We are trying to find independent linear forms $\phi_i\in V^*$, where $V$ is the space of dimension$~n$ that $A$ is a bilinear form on (of course no more than $n$ of them, although one might need less) such that $A(v,w)=\sum_i\mu_i\phi_i(v)\phi_i(w)$ where the $\mu_i$ are some nonzero real numbers (one could limit the choices to $\mu_i\in\{-1,+1\}$ but one can avoid having to take square roots if this restriction is not imposed). Once one has a sequence of such $\phi_i$, one can complete them to a basis of $V^*$, and then form the dual basis, a basis of $V$ form which the $\phi_i$ are coordinate functions; on that basis, the expression for $A$ has no cross terms. From the independence of the $\phi_i$ it follows that their number is equal to the rank of $A$; the procedure will proceed in steps, each of which produces $1$ or $2$ such linear forms, such that subtraction from $A$ of their contributions reduces the rank of the remainder by that number $1$ or $2$. Clearly this stops when the remainder becomes zero.

In matrix terms, this is my favourite formulation. Considering matrix expressing the remainder of $A$ (on the initial basis of $V$); if it has any nonzero diagonal entries a step of producing one linear form is taken, otherwise if the matrix is nonzero a step producing two linear forms is taken. For the step producing a single linear form, pick a nonzero diagonal entry$~d$, let $R$ be the row containing it, and $R^\top$ its column; then $\frac1dR^\top R$ is the unique symmetric matrix of rank$~1$ that coincides with the remainder of $A$ in that row and column. Subtracting that matrix will therefore clear that row and column of $A$, and decrease the rank by$~1$. Here $R$ is the matrix of a linear form $\phi$, and we have contributed a rank$~1$ bilinear form $(v,w)\mapsto\frac1d\phi(v)\phi(w)$.

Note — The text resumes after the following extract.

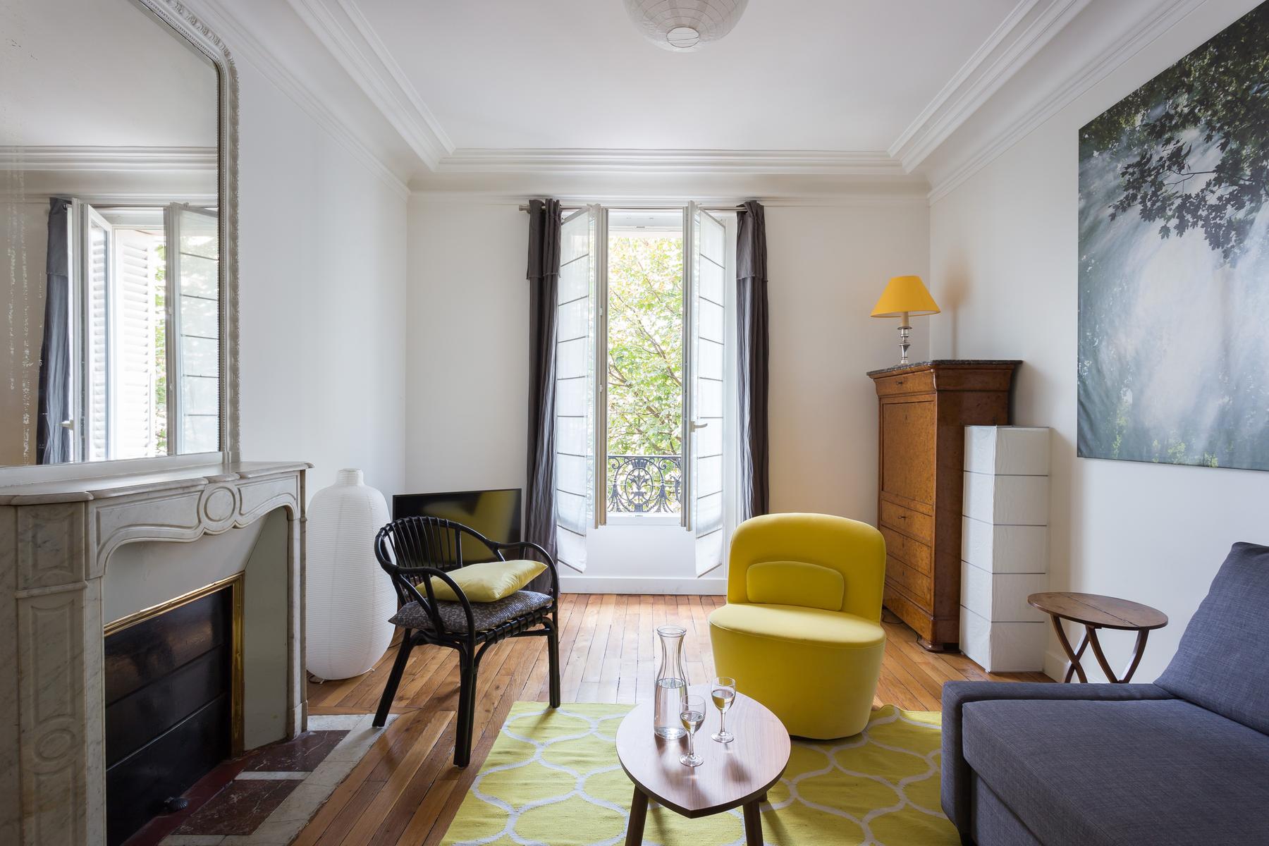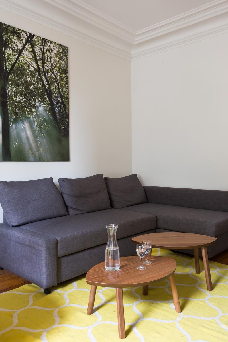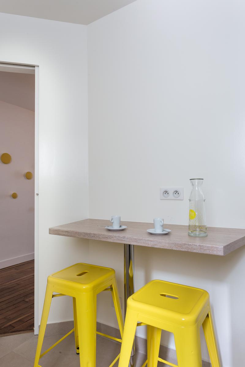 Des pops de couleurs vives et des pièces modernes rendent cette maison par ailleurs classique aussi vivante que le Louvre – Opéra lui-même. Vous entrez dans un couloir, où vous trouverez la cuisine immédiatement à droite. Il est doté d’armoires blanches, de comptoirs en bois blond et d’un bar à déjeuner assorti, le tout agrémenté de deux tabourets jaune vif. Le salon est directement en face – une pièce au sol en bois peint en blanc avec une cheminée décorative pour une pièce maîtresse. Il dispose d’un canapé et de deux fauteuils élégants, qui se tiennent sur un tapis vert chaux et sous une œuvre d’art frappante.

The case where there are nonzero entries but only off the main diagonal is similar. Pick such an off-diagonal nonzero coefficient $c$ at position $(k,l)$ with $k<l$ (the same coefficient $c$ is at position $(l,k)$ as well), let $R_k$ and $R_l$ be their respective rows; then $\frac1c(R_l^\top R_k+R_k^\top R_l)$ is a rank $2$ matrix that coincides with the remainder of $A$ in rows and columns $k$ and $l$ (this uses that the diagonal entries at $(k,k)$ and $(l,l)$ were zero). Subtracting that matrix will therefore clear those rows and columns of $A$, and decrease the rank by$~2$. If $R_k$ and $R_l$ are matrices of linear forms $\phi,\psi$, then we have contributed a linear forms $\phi+\psi$ with coefficient $\frac1{2d}$, and $\phi-\psi$ with coefficient $-\frac1{2d}$. (The rank$~2$ bilinear form $(v,w)\mapsto\frac1{2d}(\phi+\psi)(v)(\phi+\psi)(w)-(\phi-\psi)(v)(\phi-\psi)(w)$ is the one whose matrix we subtracted.)